Try it → Repeat each record below exactly, omitting whatever pictures appear in it.

Collection entries
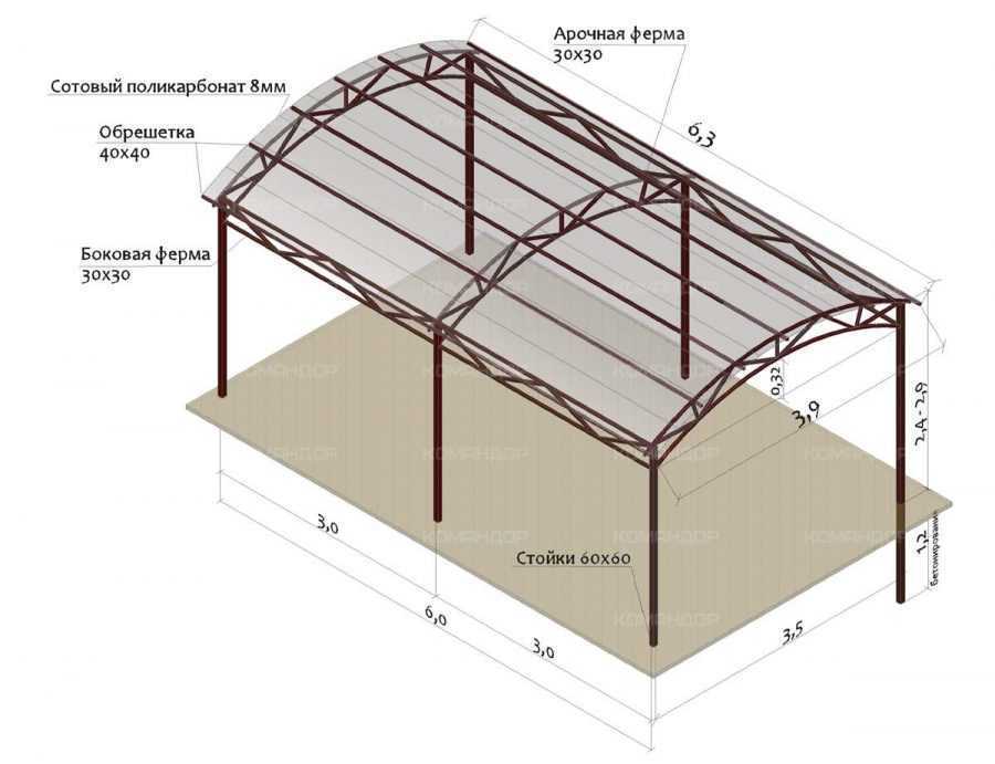 Пример, как делать навес из поликарбоната своими руками, чертежи арочной конструкции
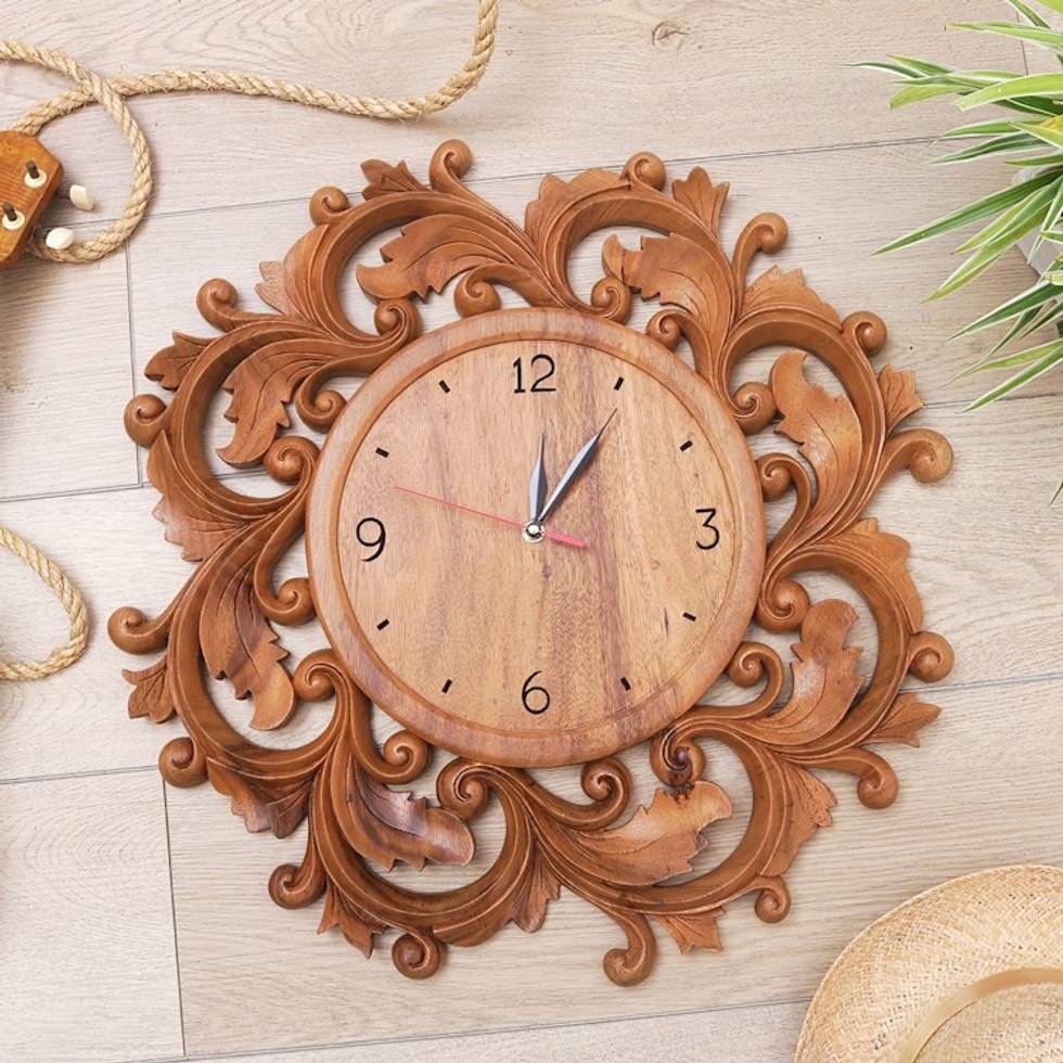 Hand-carved Wood Wall Clock from Bali 'Time to Blossom' Item ID: 2671747855
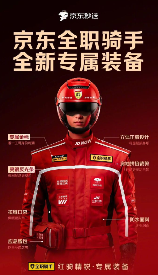 官方介绍,新骑手服采用立体裁剪,更舒适防水面料配高亮反光银条,更安全全职骑手专属工号金标牌。首批新骑手服,将覆盖北上广深全职骑手,即日起均可免费申领。
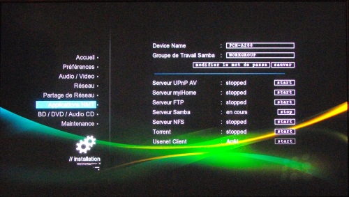 - Section application. Tout comme les autres NMT (ou NMJ maintenant), le A210 peut se comporter en serveur et faire tourner des applications. Elles sont de base au nombre de 6. On retiendra plus particulièrement le service SAMBA pour voir le disque de votre appareil comme un disque réseau à partir de vos ordinateurs. A savoir que sur les précédents firmware il fallait systématiquement utiliser un disque interne pour faire fonctionner ces applications. Maintenant, il es possible d’utiliser un périphérique USB externe (une clé USB par exemple).
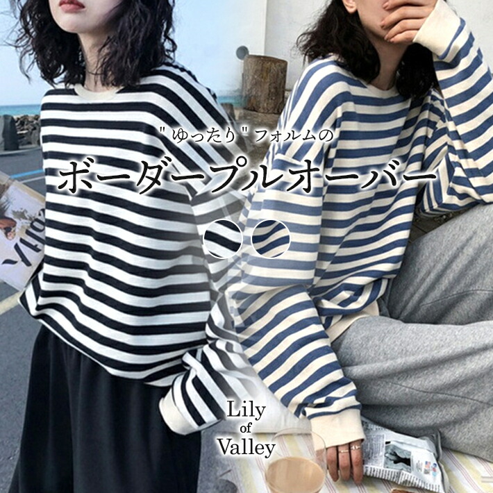 ゆったりフォルムが今年らしい オーバーサイズ ボーダー プルオーバー レディース カットソー ロン クルーネック ドルマン ゆったり 大きいサイズ ロング チュニック丈 シャツ
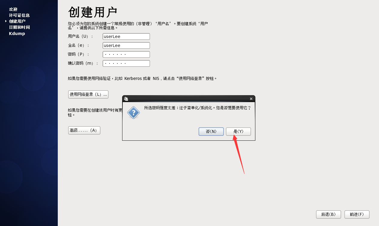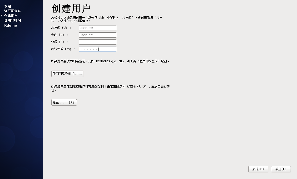 ”创建用户“——设置“用户名”“密码”——“前进”

Solution for this exercise →
 Пример, как делать навес из поликарбоната своими руками, чертежи арочной конструкции
 Hand-carved Wood Wall Clock from Bali 'Time to Blossom' Item ID: 2671747855
 官方介绍,新骑手服采用立体裁剪,更舒适防水面料配高亮反光银条,更安全全职骑手专属工号金标牌。首批新骑手服,将覆盖北上广深全职骑手,即日起均可免费申领。
 - Section application. Tout comme les autres NMT (ou NMJ maintenant), le A210 peut se comporter en serveur et faire tourner des applications. Elles sont de base au nombre de 6. On retiendra plus particulièrement le service SAMBA pour voir le disque de votre appareil comme un disque réseau à partir de vos ordinateurs. A savoir que sur les précédents firmware il fallait systématiquement utiliser un disque interne pour faire fonctionner ces applications. Maintenant, il es possible d’utiliser un périphérique USB externe (une clé USB par exemple).
 ゆったりフォルムが今年らしい オーバーサイズ ボーダー プルオーバー レディース カットソー ロン クルーネック ドルマン ゆったり 大きいサイズ ロング チュニック丈 シャツ
 ”创建用户“——设置“用户名”“密码”——“前进”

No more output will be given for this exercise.